膨らむ投資と借入金 財務負担に注意

アルケロス鉱山は日鉄鉱業の次の成長を担うプロジェクトですが、開発は順風満帆とはいえません。投資額が増加しており、財務への負荷が懸念されます。

日鉄鉱業は26年2月、アルケロス鉱山の開発費用が3.96億ドルから4.86億ドルへ増加すると発表しました。17年に開発を決定した当初は2.2億ドルと見積もっており、投資額は2.2倍に膨らむ見通しです。生産の開始も26年4月から同年7~9月へと後ろ倒しとなっており、当初22年とした稼働開始はさらに遅れる公算となりました。

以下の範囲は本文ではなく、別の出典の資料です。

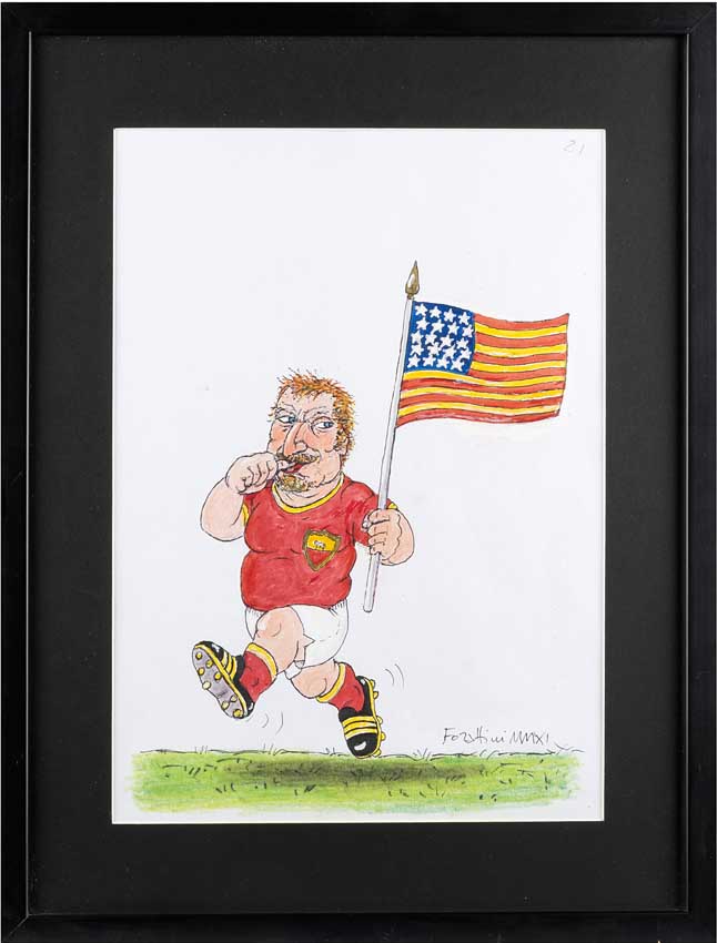 Originale "Francesco Totti e l'acquisto della Roma" 2010 litografia con intervento a mano dell'artista a colori (cm 30x20)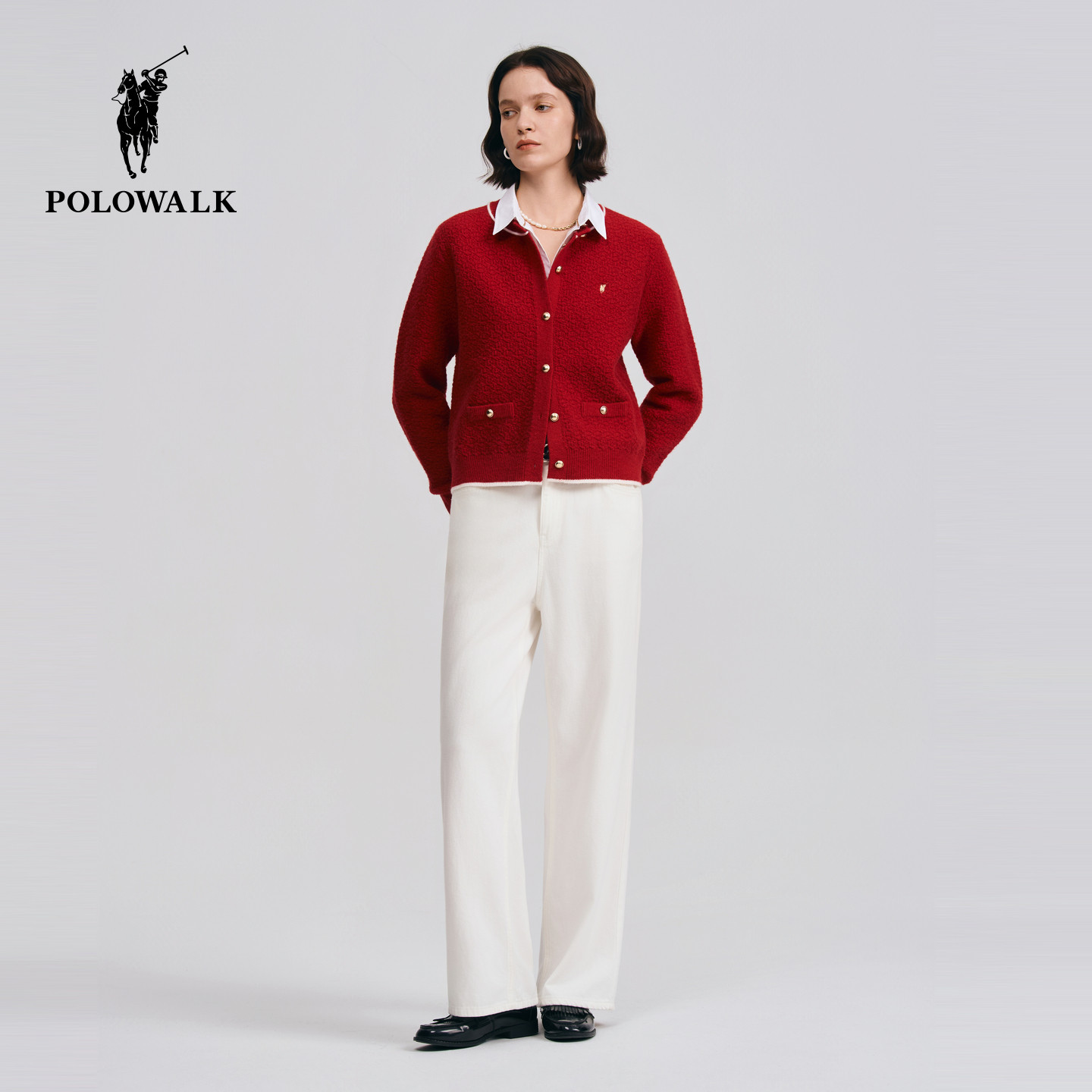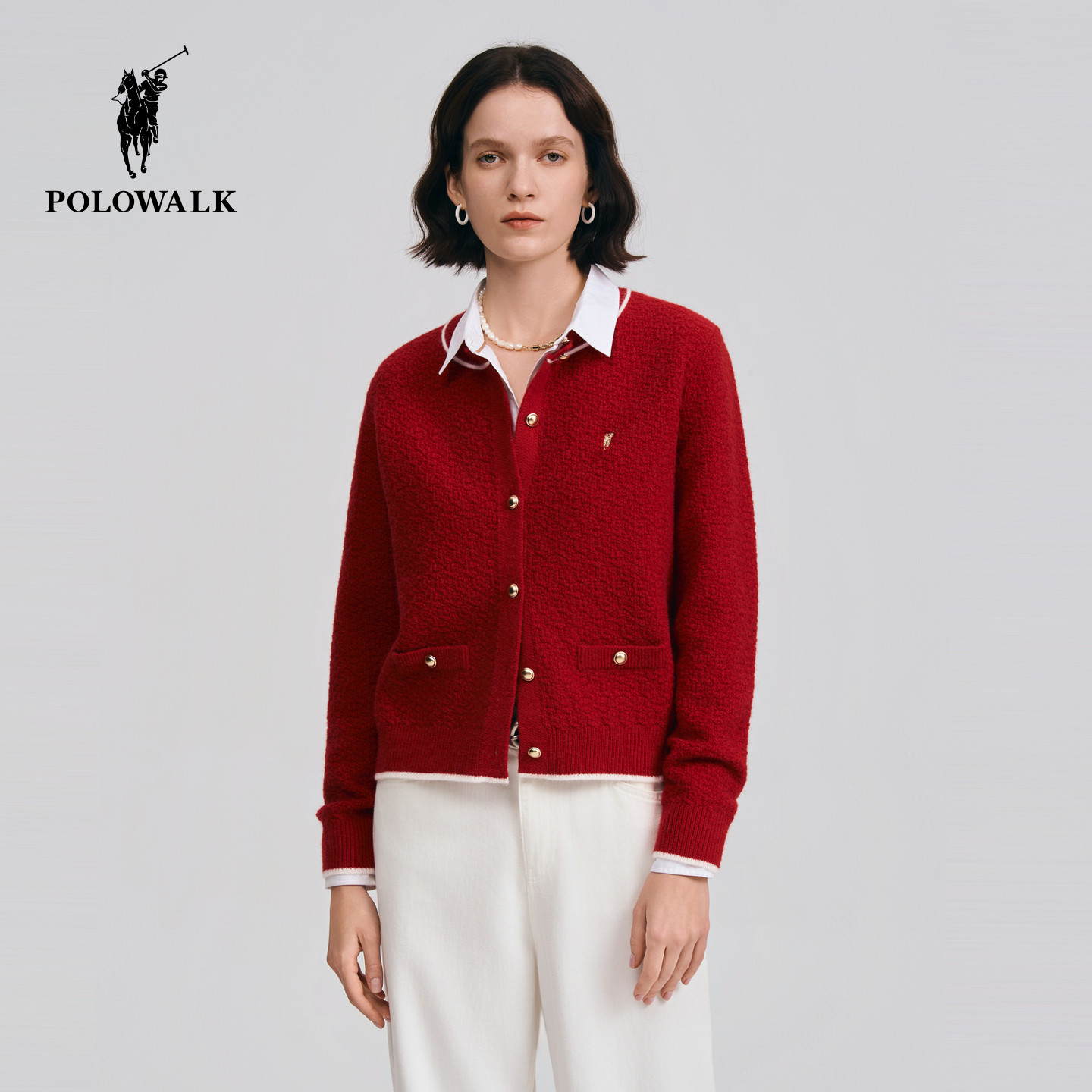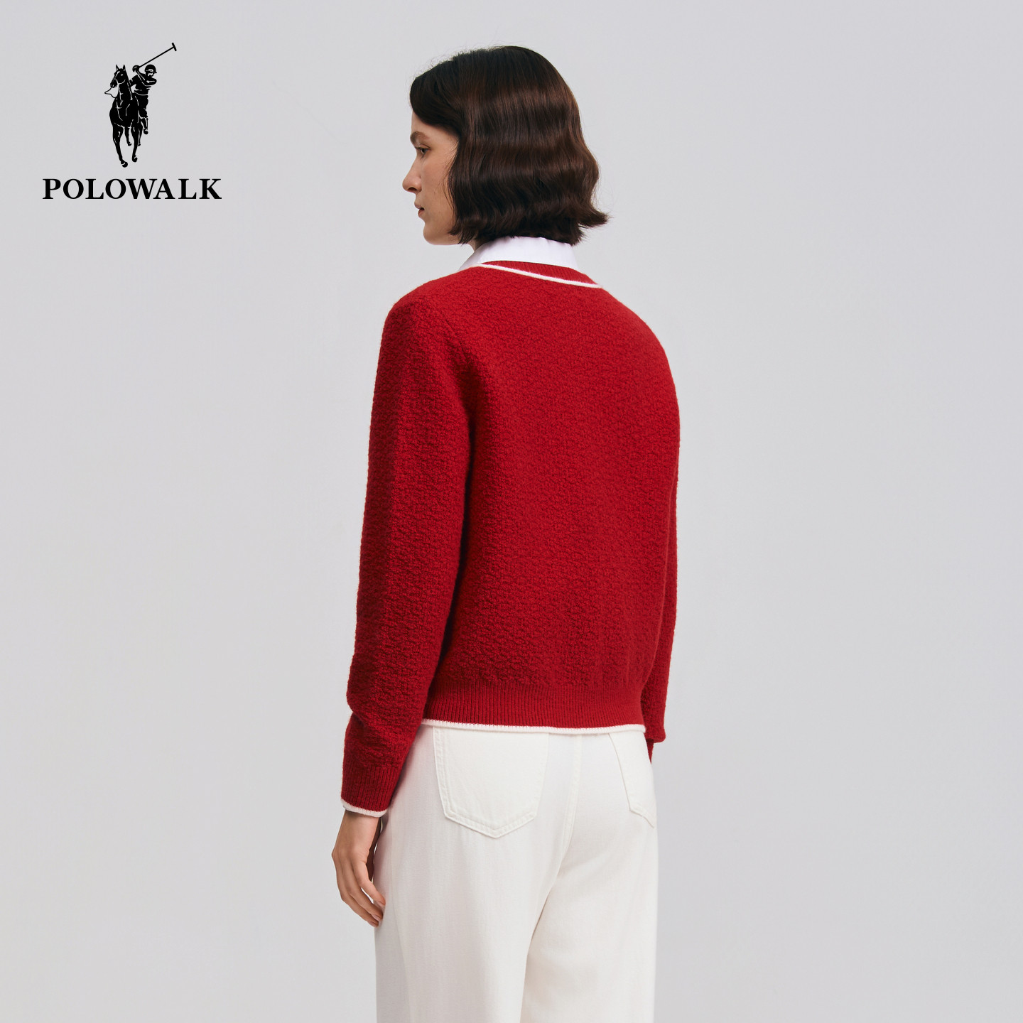 POLOWALK女装针织衫2026春季新款女士圆领针织衫开衫上衣红色毛衣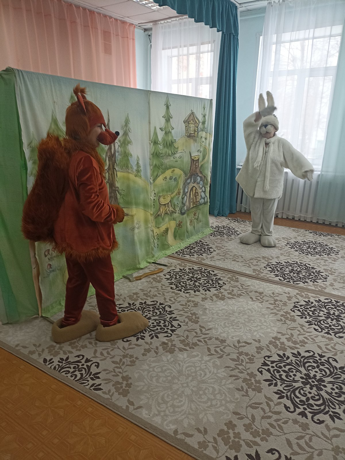 В спектаклях участвуют как маленькие персонажи (куклы над ширмой), так и персонажи во весь рост. Героями сказок становятся лесные обитатели.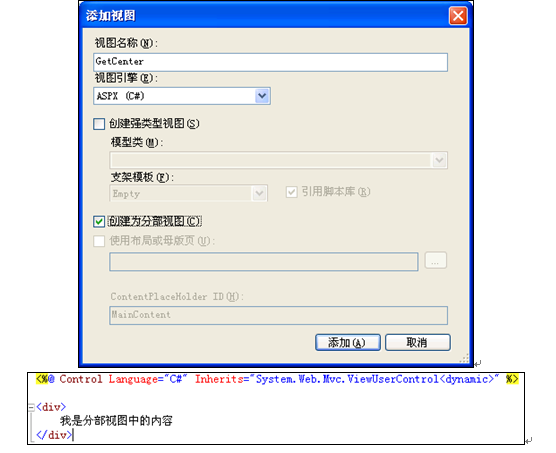 下圖演示了在創建視圖文件時,如何創建一個分部視圖文件(勾選“創建為分部視圖”復選框):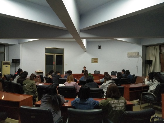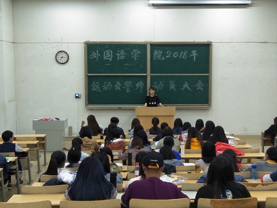 为调动学生参与运动会的积极性,合理安排运动员训练等相关事宜,4月17日晚,外国语学院在 1号教学楼106教室、201会议室举行校运动会誓师动员大会。外国语学院2018年全体运动员、方队训练人员及学生会全体人员参加此次大会,辅导员马盛楠作为主讲人,鼓励全体在场人员。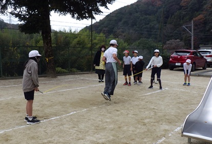 保護者有志の皆様もオープン参加で長縄跳びに挑戦しました。記録は「253回」でした。この大記録は、子ども達の憧れです!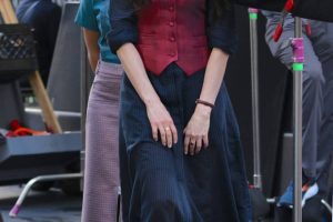 **安妮·海瑟薇新片路透照曝光:酒红马甲配长靴,侧颜杀又上热搜了!** 最近安妮·海瑟薇在拍摄新片的路透照被网…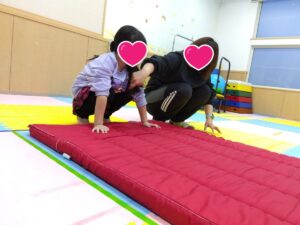 職員のアドバイスをよーく聞いて挑戦するお友だち🎶

アルケロス鉱山の開発に伴い、日鉄鉱業は借り入れを増やしています。借入金は26年3月期の第3四半期で463億円に達し、25年3月期(同224億円)から倍増しました。自己資本比率は同期間に6.6ポイント悪化しています。

日鉄鉱業の財務状況(2016年3月期~2026年3月期 第3四半期)
 
出所:日鉄鉱業 決算短信より著者作成
 

アルケロス鉱山の本格的な減価償却および負債返済は28年3月期から開始する計画です。銅は需要拡大が期待される資源ですが、日鉄鉱業への投資は財務負担も踏まえたうえで判断したいところです。